# what should be my first step?



## nromano1212 (Feb 10, 2007)

Hello...I am looking to finally get a website off the ground. I used to have a small website i created myself in frontpage, NicksSigns.com but never knew how to get it up on google or anything like that and i hear front page is a terrible option for creating a site. I know my first step should be finding a domain that is suitable for not only decals, grapahics and truck lettering but also t shirts. so a few questions:

1.) where would be the best place to Obtain a domain name? Do you think GoDaddy is a good place?

2.) what should I do to create a website? Volution I hear is good but it's going to run me $80 a month, plus $25 a month for a shopping cart, and $80 a year for security. Im not really in a position to pay that much money for a start up? Is there alernate routes I can take that are more cost effective?

3.) I am shutting off my Ebay store soon because im not selling anything but the same 3 products so i think im going to just run weekly auctions on them and stop advertising everything else. This should free up some of my funds towards a site. 

4.) Do i build the site and then add in the shopping cart? 


I would really like something that is user friendly. Im not really sure what to do but i need something up and running in the next month. Any help with this would be so much apprecited...thank you..Nick


----------



## Rodney (Nov 3, 2004)

> 1.) where would be the best place to Obtain a domain name? Do you think GoDaddy is a good place?


Sure, godaddy is fine. Just don't get sold on all of their services/upsells during the checkout. 

They make them sound like "must have" items, but just go for the domain name 



> 2.) what should I do to create a website? Volution I hear is good but it's going to run me $80 a month, plus $25 a month for a shopping cart, and $80 a year for security. Im not really in a position to pay that much money for a start up? Is there alernate routes I can take that are more cost effective?


Volution is definitely not the solution for everyone. It totally depends on what you need. Your website may not even need ecommerce. 

If you check out the post I made in that same thread that referenced Volution, you can see some lower cost alternatives.




> used to have a small website i created myself in frontpage, NicksSigns.com but never knew how to get it up on google or anything like that and i hear front page is a terrible option for creating a site.
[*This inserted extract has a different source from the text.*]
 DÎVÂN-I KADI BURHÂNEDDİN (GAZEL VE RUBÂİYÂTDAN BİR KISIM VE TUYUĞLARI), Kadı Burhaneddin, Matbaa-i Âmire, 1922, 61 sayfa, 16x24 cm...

If you still have that domain name, then that's a good place to start 

FrontPage is usually not recommended because of the special "markup" it uses to create pages. So if you want to stop using FrontPage, it makes it just a bit more difficult for others to help edit your website.
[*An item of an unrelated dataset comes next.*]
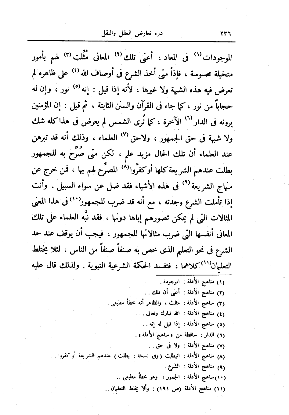 الموجودات في المعاد، أعني تلك المعاني مثلت لهم بأمور متخيلة محسوسة، فإذاً متى أخذ الشرع في أوصاف الله على ظاهره لم تعرض فيه هذه الشبهة ولا غيرها، لأنه إذا قيل: إنه نور، وإن له حجاباً من نور، كما جاء في القرآن والسنن الثابتة، ثم قيل: إن المؤمنين يرونه في الدار الآخرة، كما ترى الشمس لم يعرض في هذا كله شك، ولا شبهة في حق الجمهور، ولا حق العلماء، وذلك أنه قد تبرهن عند العلماء أن تلك الحال مزيد علم، لكن متى صرح به للجمهور بطلت عندهم الشريعة كلها أو كفروا المصرح لهم بها، فمن خرج عن منهاج الشريعة في هذه الأشياء فقد ضل عن سواء السبيل.

But if that's the tool you have and know how to use, there's nothing wrong with starting there. I know people who have very successful websites making thousands of dollars a month that were built on FrontPage. It's just a tool, and like most things, people have preferences over which tools they want to use.

You can get a website hosted for $80-$120 per YEAR with places like dreamhost.com, lunarpages.com. Some of them will have shopping cart software included in the hosting package.
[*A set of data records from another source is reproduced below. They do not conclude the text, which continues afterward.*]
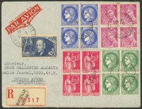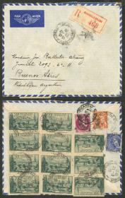 225 FRANCIA - HISTORIA POSTAL Sobre / N°Cat.: MB. 23/DIC/1939 Marseille-Prado a Argentina, sobre aéreo certificado, franqueado al dorso con 223,25Fr., con marca de arribo a Buenos Aires (numeral, sin fecha), muy buena calidad, espectacular! Precio inicial: US$ 200 Precio actual: US$ 200 Oferte US$ 200 o más | |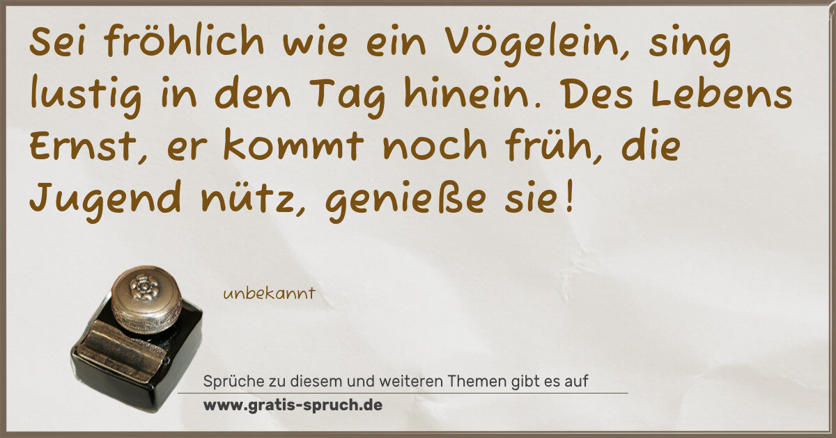 Sei fröhlich wie ein Vögelein, sing lustig in den Tag hinein. Des Lebens Ernst, er kommt noch früh, die Jugend nütz, genieße sie!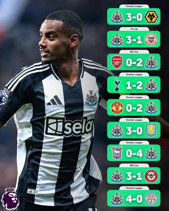 从 12 月 7 日以来,纽卡就像开了挂一样,一直在赢球,各项赛事已经取得了令人惊叹的 9 连胜。在这波 9 连胜期间呀,纽卡那可真是遇神杀神,遇佛杀佛,先后赢下了维拉、曼联、热刺、阿森纳这些实力超强的强队呢。要是单看联赛,纽卡更是势不可挡,拿下了 6 连胜。在这 6 场英超胜利中,纽卡那进攻火力简直太猛了,疯狂打进了 18 球,场均 3 球呀,而且一共才丢了 1 个球,这防守也是相当出色呀。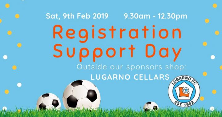 Lugarno FC registration support day is on this Saturday, 9th February from 9.30am to 12.30pm at the Lugarno Village Shops. We’ll be setting up near our loyal sponsors Lugarno Cellars, Lugarno Deli Café and Lugarno Pharmacy.

If you need a shopping cart, check out the many threads on cubecart or shopping carts to see some lower cost (and free) alternatives.



> 4.) Do i build the site and then add in the shopping cart?


You could do it that way, or all at once.

If you want your shopping cart to look a certain way, you may want to create the "look and feel" of your website design first and then install the shopping cart and edit it to match your site design.


----------



## nromano1212 (Feb 10, 2007)

Thanks Rodney...I appreciate the help. I will check out the cheaper alteratives and if i don't like it maybe ill just get another domain and upload my old site and add in all the tee shirts into it...Thanks again, Nick


----------



## T-BOT (Jul 24, 2006)

Rodney has already provided some good resources and info.

*what should be my first step?*

I think finding a good dependable host that offers the tools for ecommerce at a competitive rate would be my first step.

Then I would need to sit down and decide how much of the site building and maintenance stuff my time would allow. These days it's almost a full time job to manage a selling site in order to make it profitable. This is something to consider i think.


----------



## nromano1212 (Feb 10, 2007)

T-BOT said:


> Rodney has already provided some good resources and info.
> 
> *what should be my first step?*
> 
> ...



well right now this business is pretty much a fulltime thing anyways. I do some work locally and i do some via car forums. (mostly decals) but the tee shirt thing has become popular with them. I got laid off from my job about a year ago and couldn't find work so i started doing this while going back to school to finish up my degree. I have pretty much all the time in the world to work on it but im having trouble finding the right approach. At this point i wish i could just pay someone to do it for me but I know im probably not even going to see sales from my website for almost a year anyways until i get my page rank up there...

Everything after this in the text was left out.